Le public donnait l’impression de vouloir rester la nuit entière à discuter, ayant oublié l’heure du dernier métro ! Ce qui conduit à penser que ce film répond à un questionnement des Afro-Antillais dont le problème d’identité et d’aliénation est différent de celui des autres peuples anciennement colonisés, lesquels n’ont pas été réduits en esclavage ni déportés loin de leur terre d’origine.

M.R.

Références :

Notes bibliographiques : la cinéaste Sylvaine Dampierre est membre des Ateliers Varan depuis 1993, formatrice dans le cadre de stages d’initiation à la réalisation de cinéma documentaire.
Monteuse jusqu’en 1998, elle a créé avec Alain Moreau, »Télé- Rencontres », canal interne de télévision à la maison d’arrêt de Paris-la Santé.

Filmographie :

  • L’île – 1998 – 57’
  • Un enclos – 1999 – 63’
  • La rivière des galets – 2000 – 62’
  • Pouvons-nous vivre ici ? – 2002 – 57’
  • Les jardins de la Licorne – 2002 – 35’
  • Green Guérilla – 2003 – 62’
  • New-York repérages -2005 – 17’
  • Le pays à l’envers – 2008 – 1h30 – couleur
    Ce film documentaire tourné en Guadeloupe, lauréat du Festival Cinéma du réel (Paris) et du Festival Vues d’Afrique (Montréal), est sorti en salle, dans tout le territoire national, le 29 avril 2009.

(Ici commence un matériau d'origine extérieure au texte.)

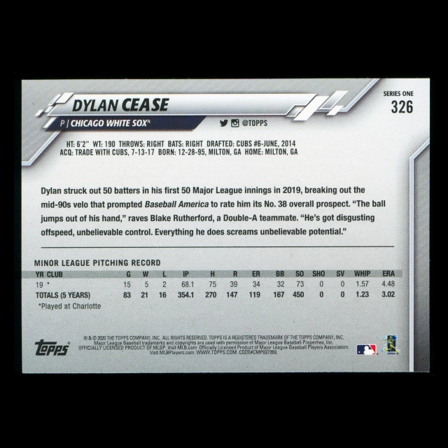 Dylan Cease RC 2020 Topps Rookie White Sox
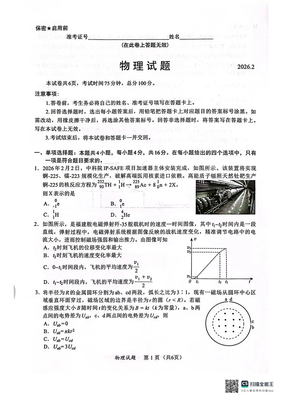 福建省名校联盟2026届高三下学期开学考试 物理.pdf

Techni’Ka (éditions Jasor)

C’est le titre du traité rédigé par la danseuse et chorégraphe Léna Blo.
Elle expose dans ces 200 pages, les circonstances de sa rencontre avec le Gwo-ka, ses recherches sur l’émergence d’une méthode d’enseignement à partir des danses Gwo-ka, dénomination des sept danses, rythmes et chants ancestraux de la Guadeloupe.
Dans la préface de Jean-Claude Gallota on lit que Léna Blou « a su allier ce qu’elle est, avec ce qu’elle a appris de la danse contemporaine, faisant de la danse ‘ Gwo-ka’ une technique d’aujourd’hui et universelle », une technique qu’elle « enseigne avec une passion communicative et une qualité exceptionnelle » après être parvenue à « répertorier et définir toutes les nuances de cette danse des origines ».
Léna Blou, Guadeloupéenne née à Pointe-à-Pitre, est titulaire d’un diplôme d’interprétation chorégraphique, du DEUG Danse (Université de Paris Sorbonne), d’un diplôme d’État en danse contemporaine et en jazz et a obtenu en 2003 son Certificat d’Aptitude à enseigner en danse contemporaine. Aujour’hui, Léna Blou dirige, enseigne, danse et crée au sein de son Centre de Danse et d’Études Chorégraphiques et de sa compagnie Trilogie.